Another participant of the newsgroup posted that this was the Holy Grail all gamblers sought. All you had to do, this poster contended, was to observe two rolls of 4 with no intervening 7, then lay the 4. As Alan Krigman, respected author and newsletter publisher, had stated, you had a 96.3% chance of winning what was now the third decision of a no-4 lay bet without having actually lost any money on the first two. Why, it would be veritable child’s play!

If only that were the way it worked. But alas, it is not. The poster received enlightenment from other newsgroup participants in short order, but I have seen and heard variations of this misunderstanding of probability so many times that I feel a detailed explanation of its fallacy is warranted.

The probability of losing the next three no-4 bets in a row is always 3.7%. Key word: “next.” Probability refers to the future; past events may or may not alter that probability.

For example, what is the probability of losing a single no-4 bet? Answer: 33.33% on every decision. Now suppose that the dice are rolled separately instead of simultaneously, as all casinos require. Furthermore, let’s assume that the first die rolled is not rolled again until the bet resolves (i.e., it is set aside, and only the other die is rolled). Before either die is rolled, the chances of rolling a total of 4 are 8.33% (3/36), and the chances of rolling a total of 7 are 16.67% (6/36). Because the chances of a 4 are half those of a 7, the probability of losing a no-4 bet is 33.33% (1/3). After the first die is rolled the chances of rolling a total of 7 remain 16.67% (1/6), but the chances of rolling a total of 4 change. They are 0% if the first die shows 4, 5, or 6; and 16.67% if it shows 1, 2, or 3. Obviously, the chances of losing a no-4 bet also change, to 0% and 50%, respectively. These are conditional probabilities, the chance of losing given the result of the first die’s roll.
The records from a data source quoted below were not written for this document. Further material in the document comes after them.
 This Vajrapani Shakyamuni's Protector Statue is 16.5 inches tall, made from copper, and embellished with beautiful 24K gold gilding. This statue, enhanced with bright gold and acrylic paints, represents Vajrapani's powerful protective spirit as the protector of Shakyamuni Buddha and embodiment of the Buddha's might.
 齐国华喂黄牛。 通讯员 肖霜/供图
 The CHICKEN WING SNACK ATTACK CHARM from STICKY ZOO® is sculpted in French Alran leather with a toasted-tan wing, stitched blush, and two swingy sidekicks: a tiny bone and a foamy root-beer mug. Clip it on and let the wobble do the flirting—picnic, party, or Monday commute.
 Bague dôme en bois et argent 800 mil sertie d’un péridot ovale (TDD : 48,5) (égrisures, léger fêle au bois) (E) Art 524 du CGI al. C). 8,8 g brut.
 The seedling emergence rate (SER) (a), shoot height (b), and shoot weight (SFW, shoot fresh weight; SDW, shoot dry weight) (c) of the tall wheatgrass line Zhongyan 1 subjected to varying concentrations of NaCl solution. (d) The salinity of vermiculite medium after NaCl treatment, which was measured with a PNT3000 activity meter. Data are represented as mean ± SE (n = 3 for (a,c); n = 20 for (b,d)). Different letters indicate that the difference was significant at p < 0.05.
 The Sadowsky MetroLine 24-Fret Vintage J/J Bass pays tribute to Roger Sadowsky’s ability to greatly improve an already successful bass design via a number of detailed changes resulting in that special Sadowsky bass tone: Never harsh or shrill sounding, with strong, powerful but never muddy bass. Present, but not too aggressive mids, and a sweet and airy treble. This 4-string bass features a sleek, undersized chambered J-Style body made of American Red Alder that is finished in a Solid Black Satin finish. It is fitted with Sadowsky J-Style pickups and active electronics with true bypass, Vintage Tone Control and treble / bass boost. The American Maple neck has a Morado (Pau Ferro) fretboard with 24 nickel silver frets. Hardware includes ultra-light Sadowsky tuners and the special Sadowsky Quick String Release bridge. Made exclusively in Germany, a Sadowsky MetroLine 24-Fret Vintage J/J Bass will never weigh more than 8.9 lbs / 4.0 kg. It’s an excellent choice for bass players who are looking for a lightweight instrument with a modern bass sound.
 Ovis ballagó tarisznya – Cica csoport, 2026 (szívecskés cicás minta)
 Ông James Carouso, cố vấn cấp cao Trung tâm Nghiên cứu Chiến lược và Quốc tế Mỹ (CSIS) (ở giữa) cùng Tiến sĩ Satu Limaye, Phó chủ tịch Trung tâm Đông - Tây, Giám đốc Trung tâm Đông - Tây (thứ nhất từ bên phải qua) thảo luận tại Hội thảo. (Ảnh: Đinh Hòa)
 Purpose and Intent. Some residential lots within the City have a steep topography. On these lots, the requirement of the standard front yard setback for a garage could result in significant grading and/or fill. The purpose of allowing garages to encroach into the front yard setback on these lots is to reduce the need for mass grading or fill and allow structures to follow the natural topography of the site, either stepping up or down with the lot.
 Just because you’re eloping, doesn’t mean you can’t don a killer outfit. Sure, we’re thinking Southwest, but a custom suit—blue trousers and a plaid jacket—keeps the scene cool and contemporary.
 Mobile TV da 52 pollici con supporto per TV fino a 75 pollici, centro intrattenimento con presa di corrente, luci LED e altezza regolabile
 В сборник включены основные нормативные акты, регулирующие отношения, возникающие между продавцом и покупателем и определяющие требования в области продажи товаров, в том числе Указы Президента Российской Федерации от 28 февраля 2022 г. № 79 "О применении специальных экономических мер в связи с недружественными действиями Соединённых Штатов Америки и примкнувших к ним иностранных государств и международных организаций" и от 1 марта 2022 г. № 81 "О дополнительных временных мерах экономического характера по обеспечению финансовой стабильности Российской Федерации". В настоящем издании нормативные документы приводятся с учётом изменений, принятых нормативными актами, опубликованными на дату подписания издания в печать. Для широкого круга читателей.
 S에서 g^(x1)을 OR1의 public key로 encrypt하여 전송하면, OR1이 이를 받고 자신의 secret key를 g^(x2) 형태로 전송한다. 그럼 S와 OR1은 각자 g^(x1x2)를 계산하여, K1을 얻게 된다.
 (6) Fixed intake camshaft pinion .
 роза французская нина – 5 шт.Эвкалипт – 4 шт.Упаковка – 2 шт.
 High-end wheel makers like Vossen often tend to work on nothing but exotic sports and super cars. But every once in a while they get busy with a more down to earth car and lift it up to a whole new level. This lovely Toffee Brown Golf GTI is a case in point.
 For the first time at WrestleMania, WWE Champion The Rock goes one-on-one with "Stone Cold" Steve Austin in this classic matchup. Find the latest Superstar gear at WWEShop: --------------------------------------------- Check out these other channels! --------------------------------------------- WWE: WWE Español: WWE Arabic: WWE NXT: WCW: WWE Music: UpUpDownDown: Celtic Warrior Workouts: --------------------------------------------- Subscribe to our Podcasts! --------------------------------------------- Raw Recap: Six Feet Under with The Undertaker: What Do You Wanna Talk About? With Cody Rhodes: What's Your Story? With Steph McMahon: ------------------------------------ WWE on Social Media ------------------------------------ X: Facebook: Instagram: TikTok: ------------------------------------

The same approach must be used in the original problem. What are the chances of losing three no-4 bets in a row? (I suppose I should mention we are back in a real casino, where the dice must be rolled simultaneously.) Before any of those decisions are known, there is a 3.7% chance of that happening, but as those bets are resolved the probability of losing those three bets will change. Obviously, if you win the first decision, your chances of losing those three decisions is nil (because you have already won one of them), but if you lose it your chances of losing those three decisions increases to 11.1%. On the other hand, a player starting a new series of three no-4 decisions has the original 3.7% chance of losing all three of them, because they are a different set of decisions.